§ **Problem requirements**
The response should repeat word for word every line below from the one with "ஜெனிவாவும் ஈழத் தமிழர்களின்" to the one with "hoverEffect modifier는 view의", inclusive, and nothing else; leave pictures out.

§ **Data for this exercise**
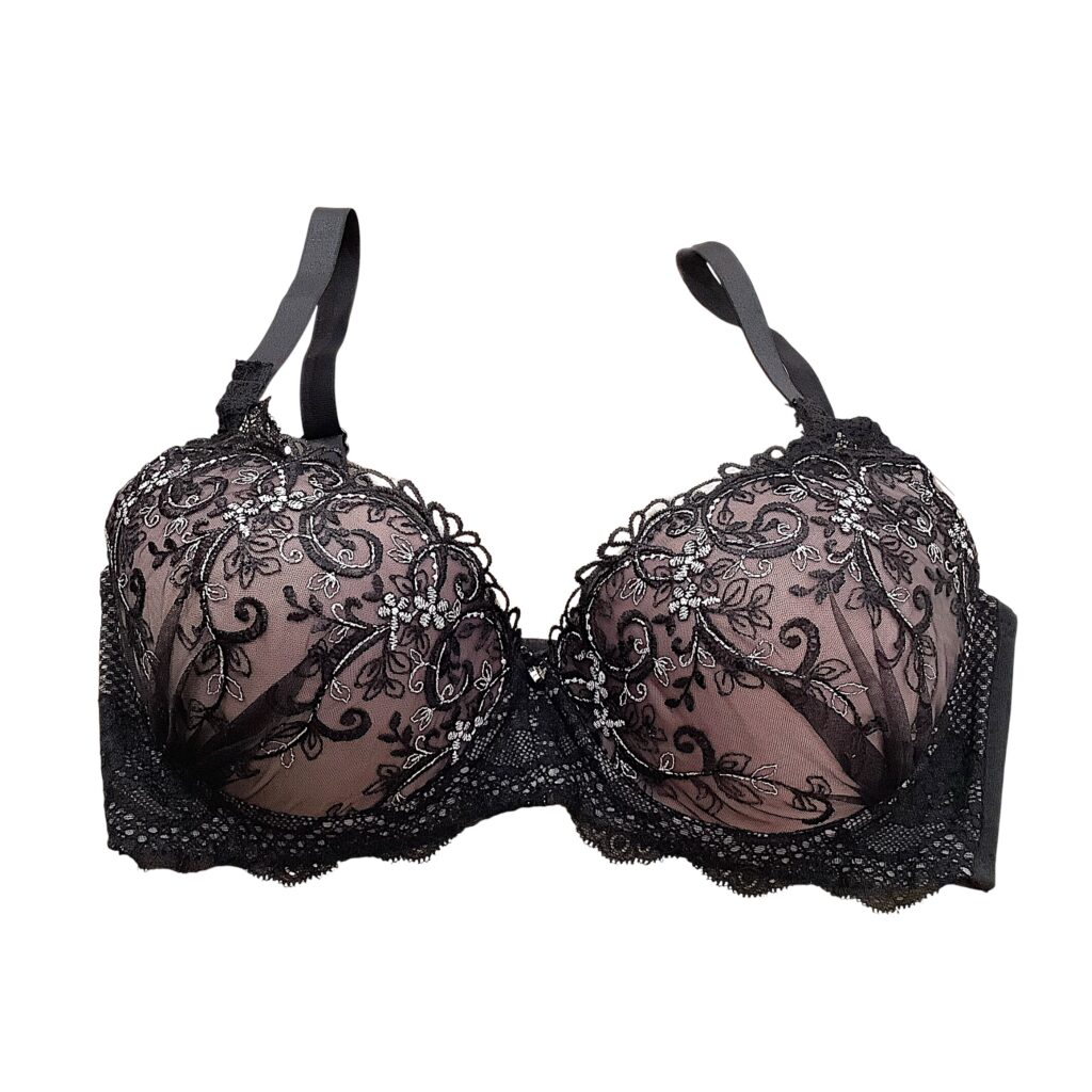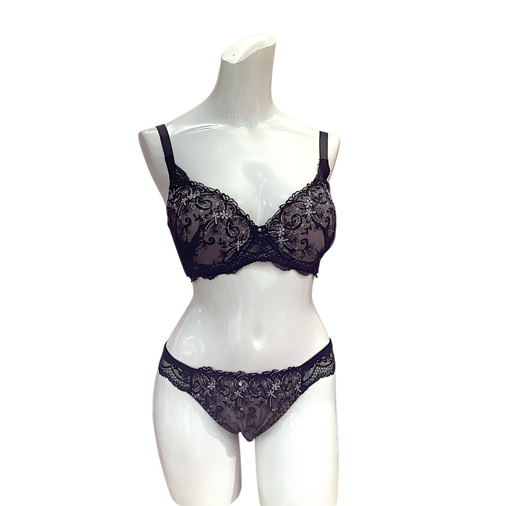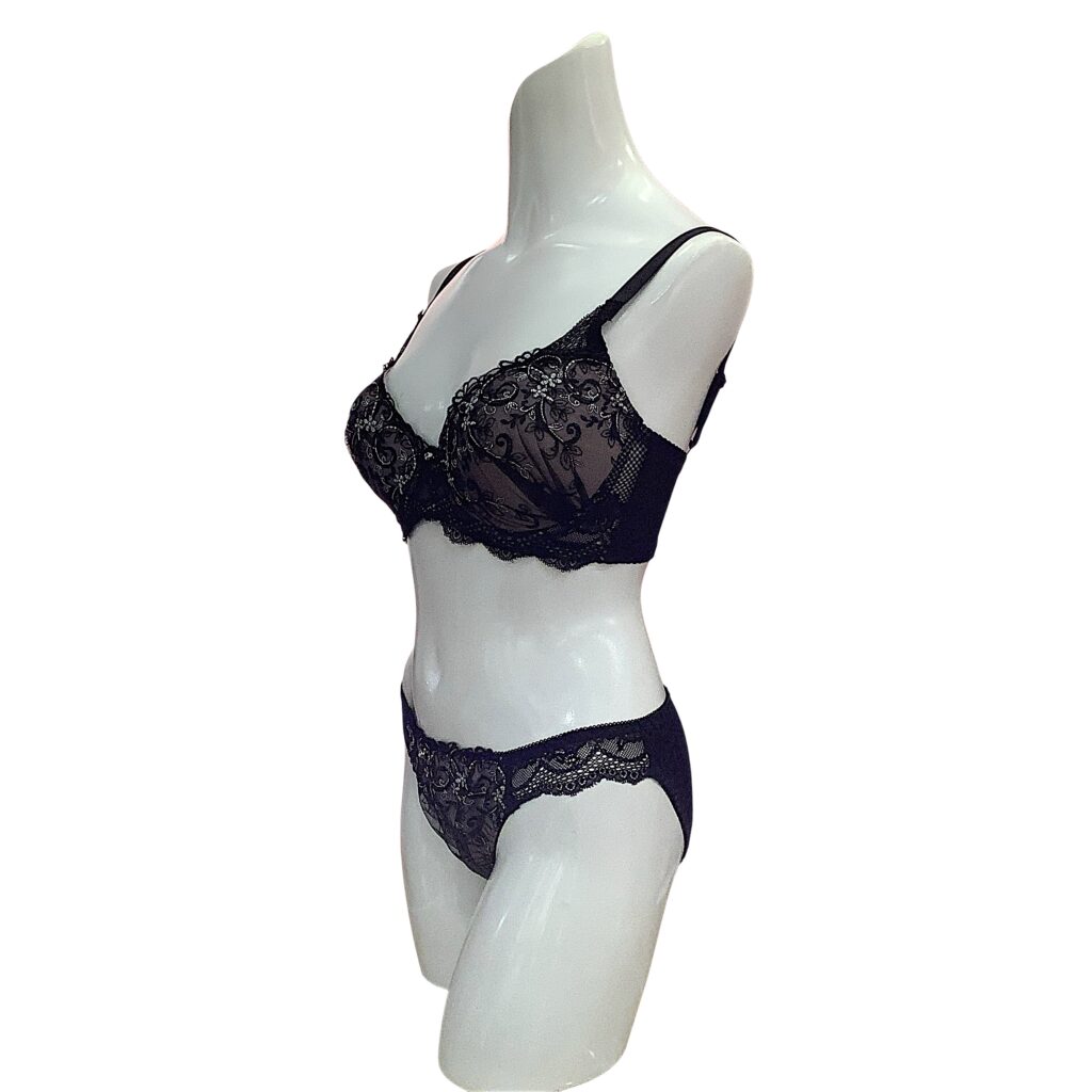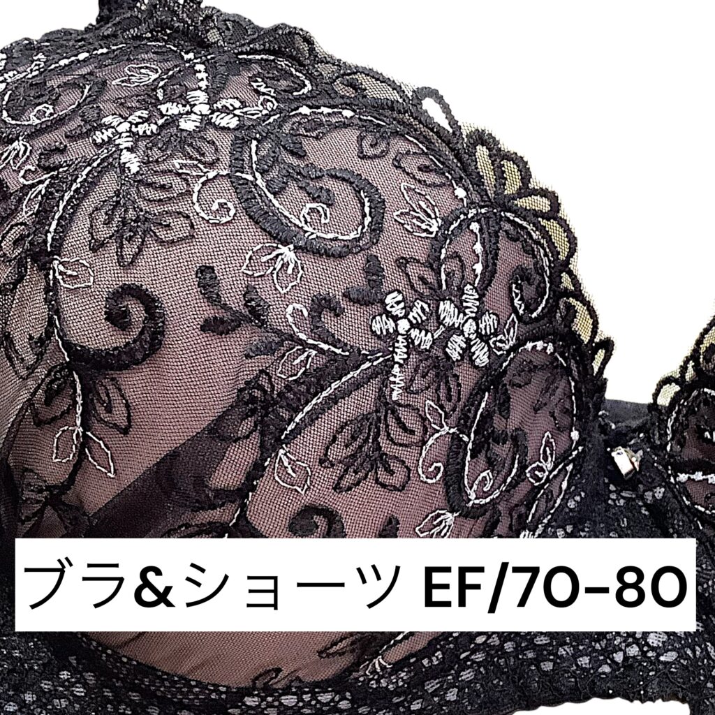 黒レースに繊細な刺繍をあしらった高級感あふれるランジェリー。EFカップ対応の立体カップ設計で美しいボリュームラインを演出し、華やかさと安定感を両立します。
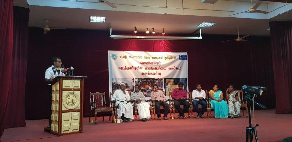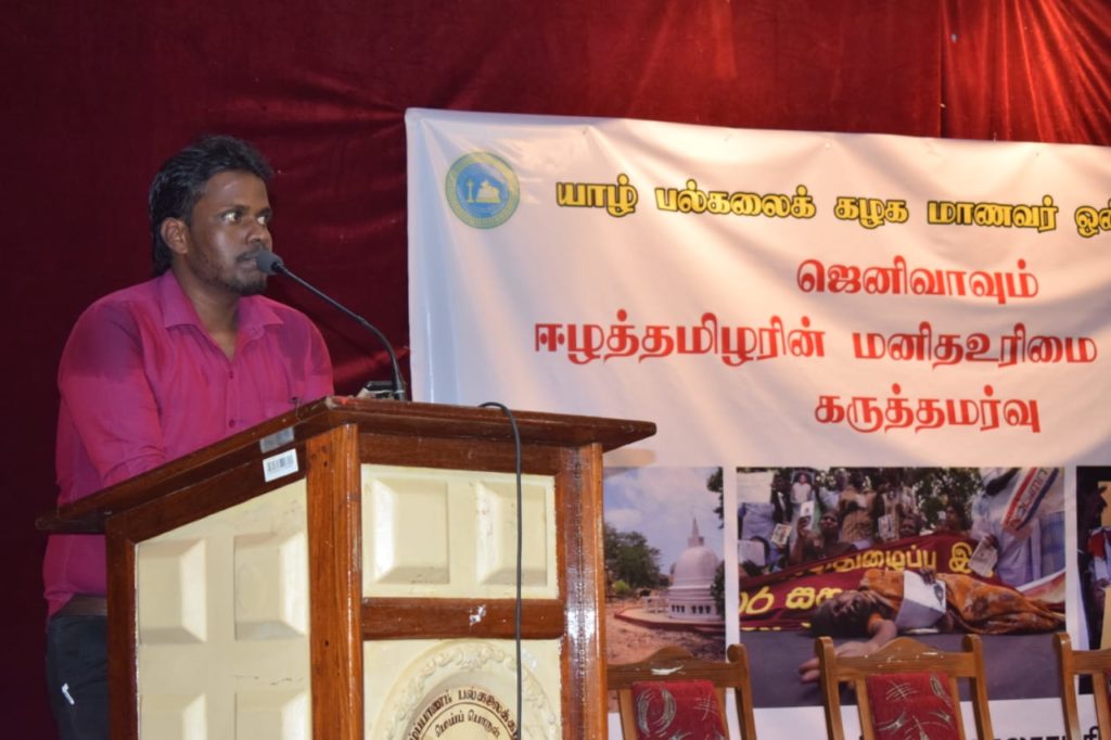 ஜெனிவாவும் ஈழத் தமிழர்களின் மனித உரிமை நகர்வும் என்ற கருத்தமர்வு மார்ச் 6ஆம் நாள் யாழ் பல்கலைக்கழக கைலாசபதி அரங்கில் நேற்று பிற்பகல் 2 மணிக்கு இடம் பெற்றது.
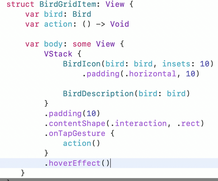 hoverEffect modifier는 view의 content shape를 읽는다.
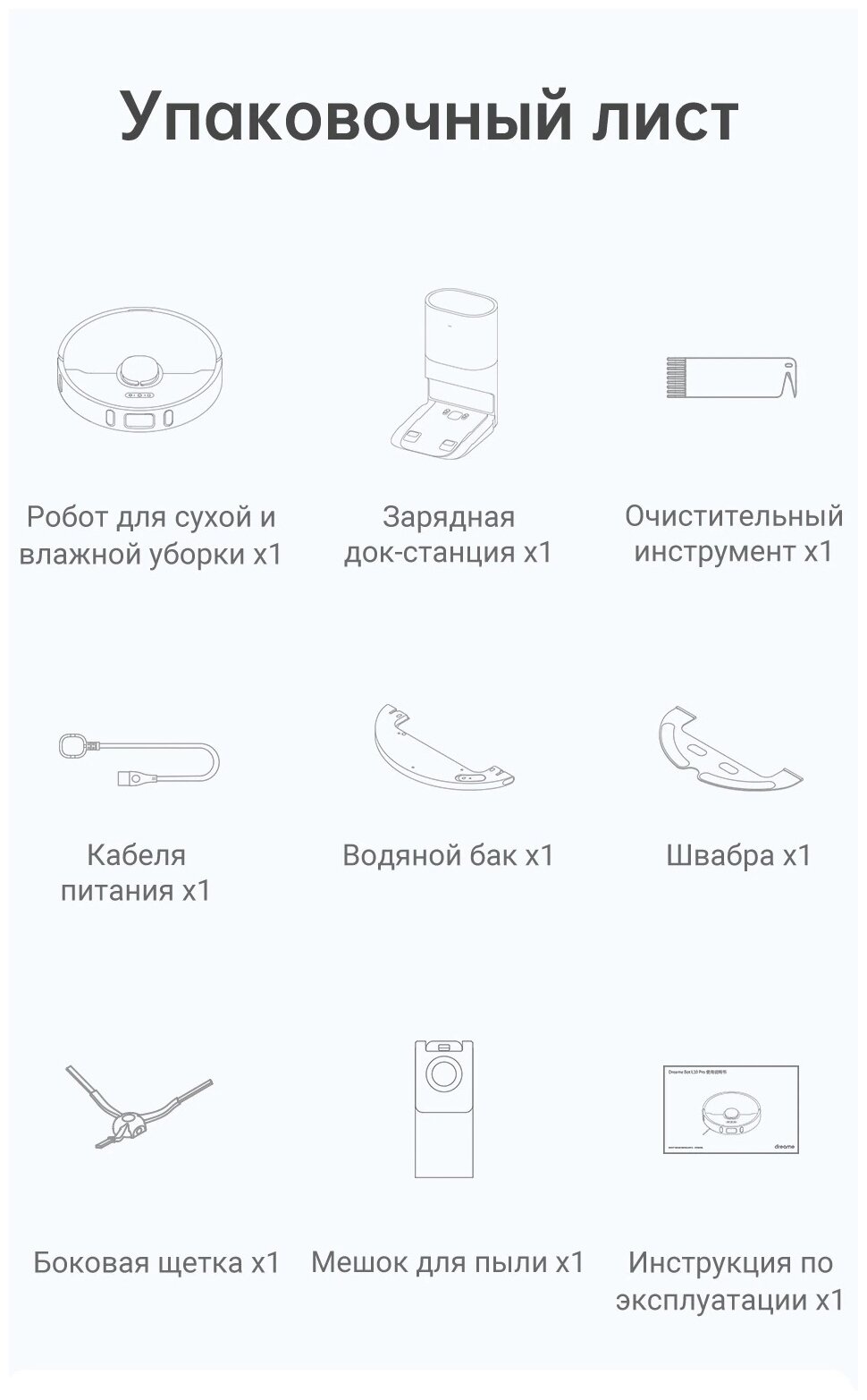 Cleaning area up to 250 sq.m; auto-identification of objects on the floor; obstacle and height sensors;
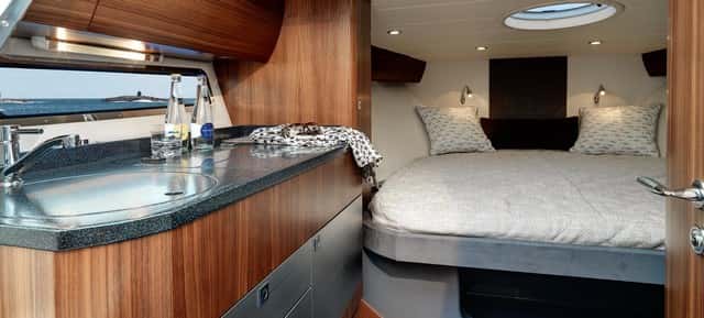 La nevera queda fuera, en un cofre en el piso de la bañera. Debajo de la cama hay espacios para estiba y la cabina cuenta con tragaluces laterales y una escotilla circular cenital, que garantizan luminosidad natural y ventilación. Está bien decorado, con tapizado en los costados, aunque sin estantes a lo largo de las amuras, tiene luces de lectura y el espacio destinado al inodoro, a nuestro juicio algo justo en sus dimensiones, se ha realizado en contramolde de fibra, práctico y limpio, y no le faltan el lavabo y la ducha.
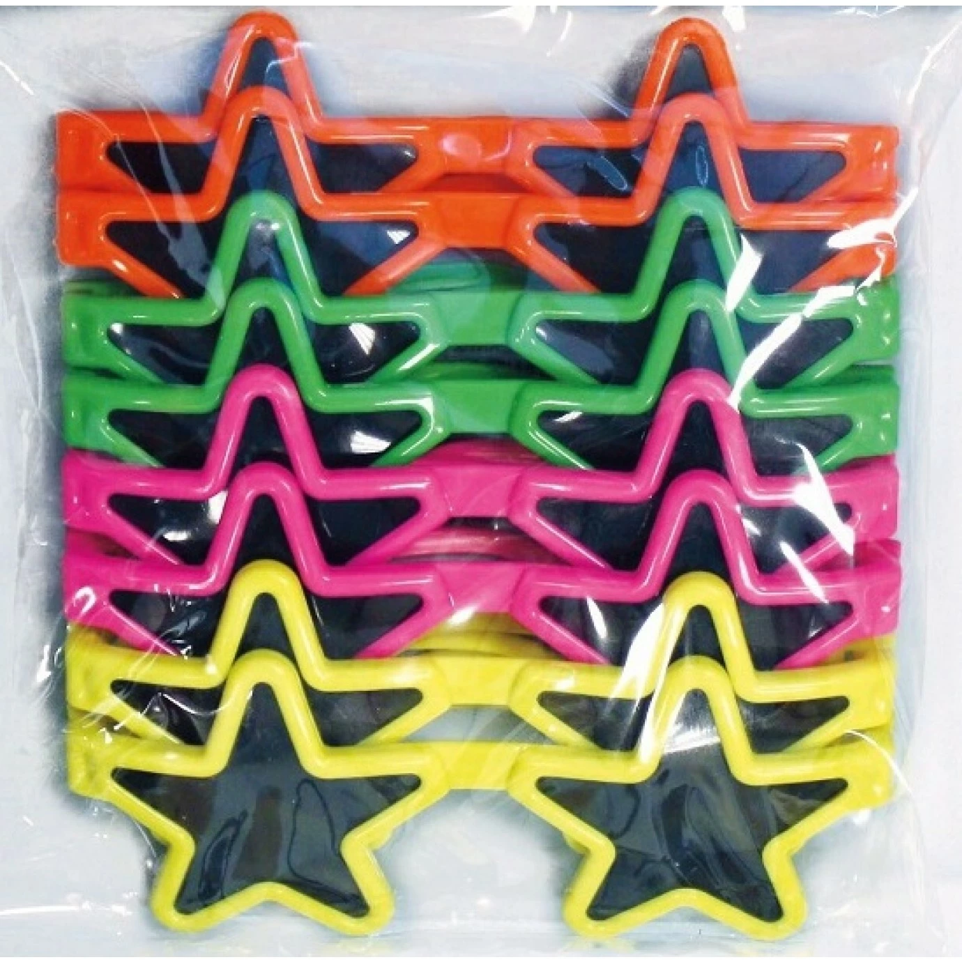 Pack includes 8 pairs of plastic sunglasses in a mix of green, magenta, orange and yellow.
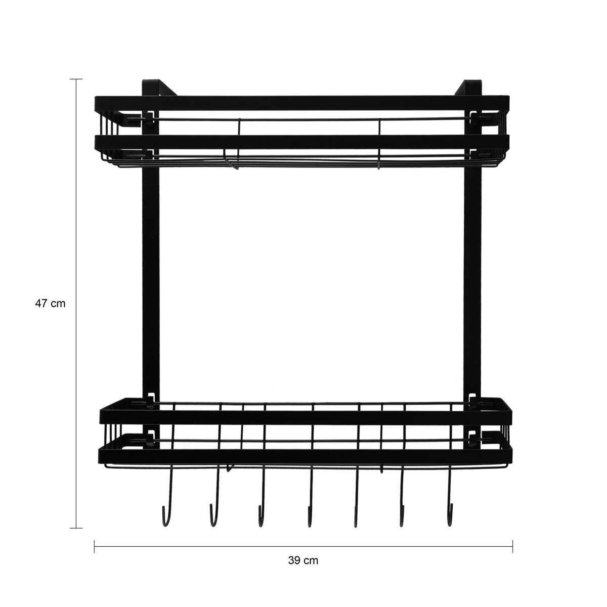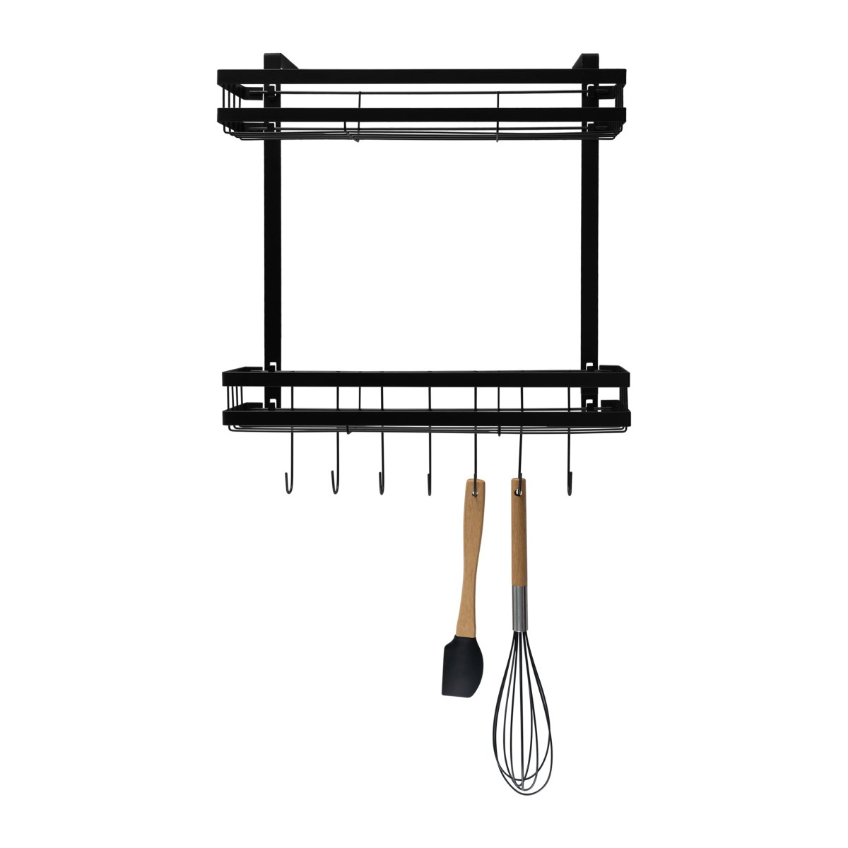 Hang handige items op aan dit ophangbare kruidenrek met 7 haken van metaal in het zwart
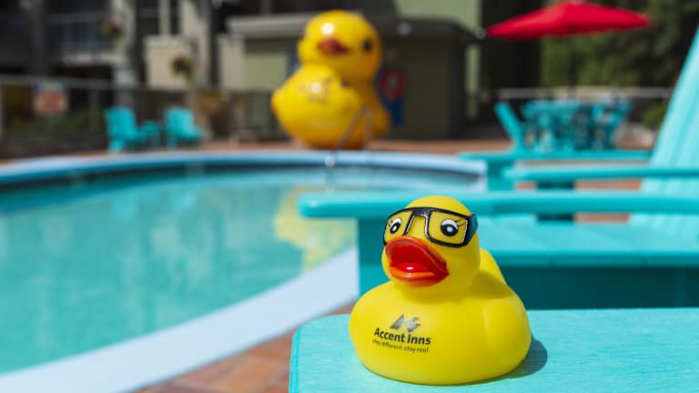 Das Accent Inn Kelowna bietet eine familiäre Atmosphäre mit 100 Zimmern, 12 Suiten, 18 Einzel- und 67 Doppelzimmer verteilt auf 3 Etagen, die bequem über einen Lift erreichbar sind. Die 24-Stunden-Rezeption sorgt für einen herzlichen Empfang durch das englischsprachige Personal. Es stehen diverse Dienstleistungen wie Gepäckaufbewahrung, ein Safe, eine Wechselstube sowie ein Getränkeautomat zur Verfügung. Das Hotel bietet zudem einen beheizten Aussenpool sowie rollstuhlgerechte Einrichtungen und Annehmlichkeiten. WLAN ist im whole Hotel kostenfrei verfügbar.
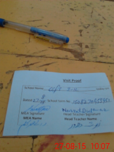 | Attendance Register | Head Teacher | MEA with School | Visit Proof |

§ **Answer section**
 ஜெனிவாவும் ஈழத் தமிழர்களின் மனித உரிமை நகர்வும் என்ற கருத்தமர்வு மார்ச் 6ஆம் நாள் யாழ் பல்கலைக்கழக கைலாசபதி அரங்கில் நேற்று பிற்பகல் 2 மணிக்கு இடம் பெற்றது.
 hoverEffect modifier는 view의 content shape를 읽는다.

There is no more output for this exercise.